- **AIM OF THE EXERCISE**
Without the pictures, output the lines of the material from the very first through the one that holds "原味焦糖奶油曲奇、重可可曲奇、鐵觀音濃茶曲奇各2盒".

- **DATA SHOWN**
•••••

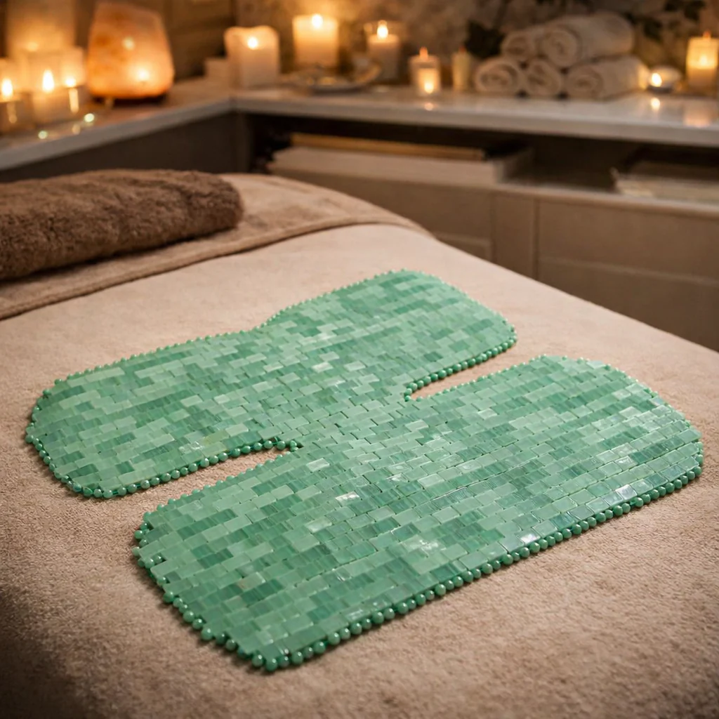 The Green Aventurine Neck and Chest Mask is a premium wellness tool, designed to elevate your treatment offerings with the combined benefits of crystal therapy, lymphatic drainage, and skin rejuvenation. Tailored for the often-overlooked neck and décolletage areas, this handcrafted mask delivers a cooling, calming experience rooted in traditional healing practices—perfect for enhancing facials, meditative rituals, and wellness spa packages.
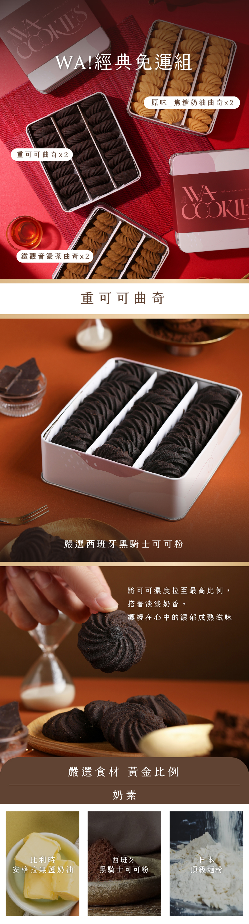 原味焦糖奶油曲奇、重可可曲奇、鐵觀音濃茶曲奇各2盒
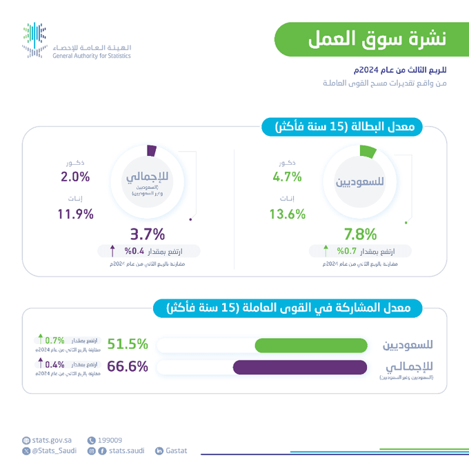 أما الشباب السعوديون الذكور، فقد شهد معدل مشاركتهم في القوى العاملة ارتفاعًا بمقدار 1.1 نقطة مئوية ليصل إلى 34.6%. وارتفع معدل مشاركة الذكور السعوديين في القوى العاملة بشكل عام بمقدار 0.6 نقطة مئوية ليصل إلى 66.9%، مع ارتفاع معدل المشتغلين إلى السكان ليبلغ 63.7%.
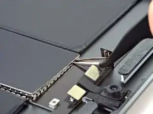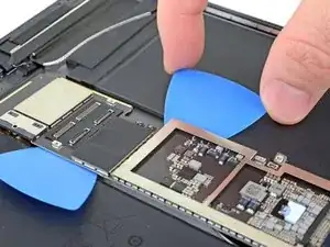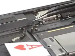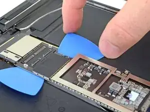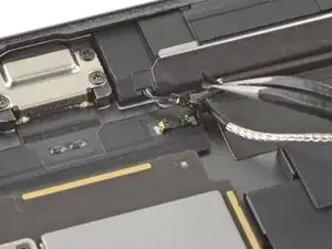Используйте пинцет, чтобы отлепить правый антенный кабель от логической платы.

•••••

- **SOLUTION BELOW**
 The Green Aventurine Neck and Chest Mask is a premium wellness tool, designed to elevate your treatment offerings with the combined benefits of crystal therapy, lymphatic drainage, and skin rejuvenation. Tailored for the often-overlooked neck and décolletage areas, this handcrafted mask delivers a cooling, calming experience rooted in traditional healing practices—perfect for enhancing facials, meditative rituals, and wellness spa packages.
 原味焦糖奶油曲奇、重可可曲奇、鐵觀音濃茶曲奇各2盒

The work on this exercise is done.